Top of Material provided

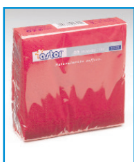
A/7 - TOVAGLIOLI OVATTA 2 VELI F.TO 40X40, VARI COLORI -
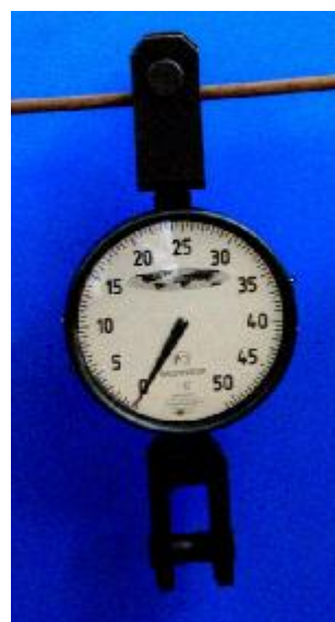
Рисунок 2 – Общий вид динамометров ДПУ-200, ДПУ-500

Маркировка динамометра производится на циферблате, защищенном прозрачным стеклом, на котором нанесены следующие данные:
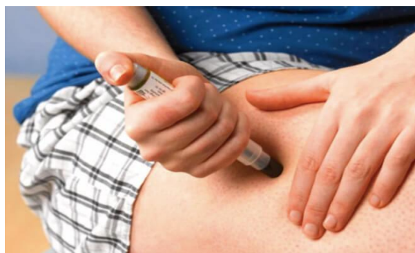
Slika 11. I.m. apliciranje adrenalina [32]
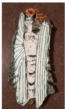
Grete Bull Sarning relief

Auktion: Vi vil i år forsøge at lave auktion over nogle spændende værker for at styrke foreningens økonomi
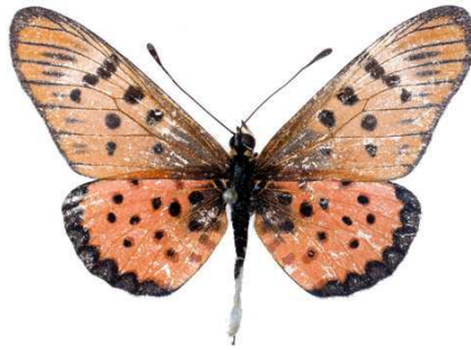
sykesi, mâle, recto, Metu hills, Ouganda, 47.JPG sykesi
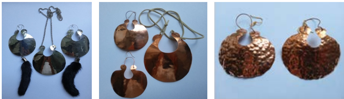
Рис. 5. Прототипи гарнітури, виконані з міді та латуні. Автор Р. Сельський

призначення виробу). Матеріал, з якого виготовлений прототип гарнітура, – це латунь, мідь, нержавіючий метал, або латунь із рельєфом протравленим в кислоті. Після протравлення можливе чорніння, в кінцевому варіанті виготовлення в металі можливо також застосування срібла, золота, срібла з позолотою (рис. 5).
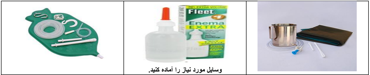
وسایل مورد نیاز را آماده کنید.
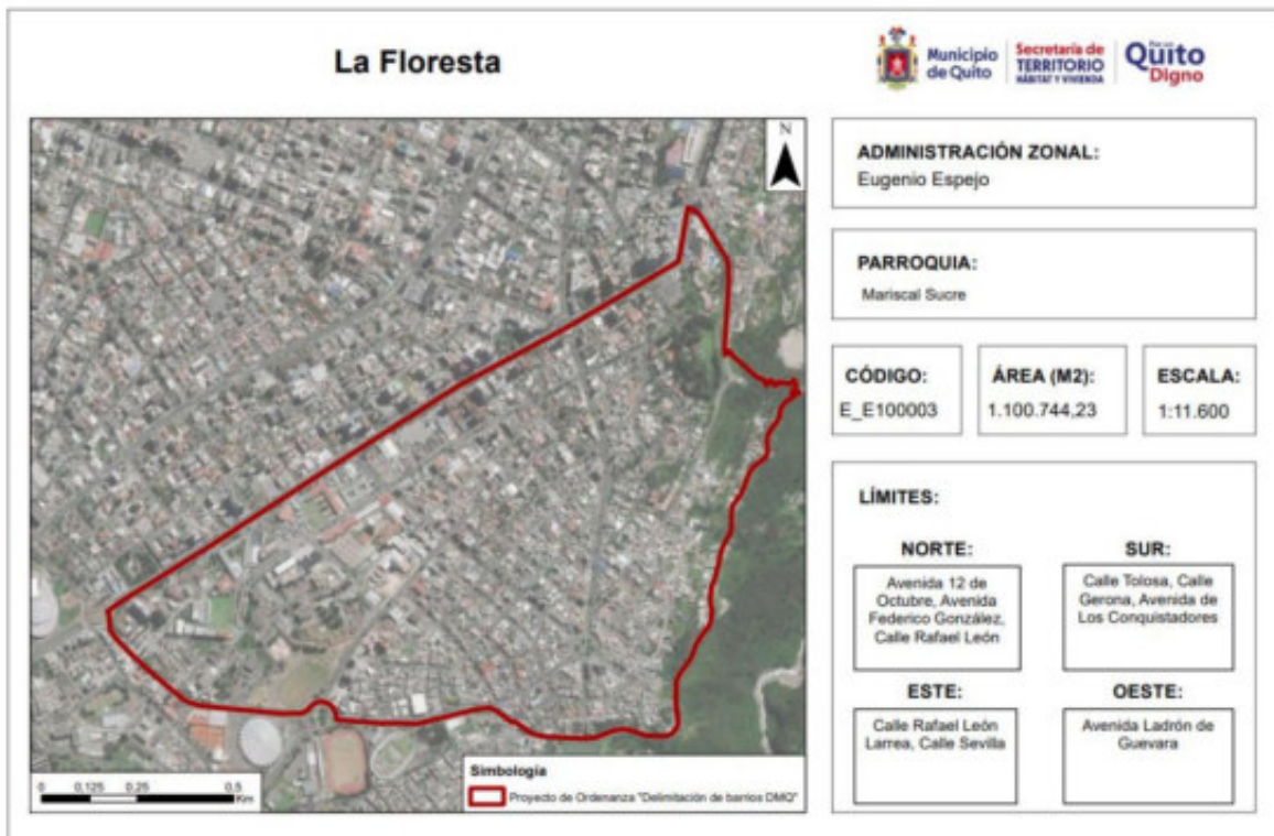
Figura 5. Redelimitación Barrio La Floresta

Bottom of Material provided

What this task involves: Repeat the data verbatim through the "Маркировка динамометра производится" line, no pictures.

Answer space:
A/7 - TOVAGLIOLI OVATTA 2 VELI F.TO 40X40, VARI COLORI -
Рисунок 2 – Общий вид динамометров ДПУ-200, ДПУ-500

Маркировка динамометра производится на циферблате, защищенном прозрачным стеклом, на котором нанесены следующие данные:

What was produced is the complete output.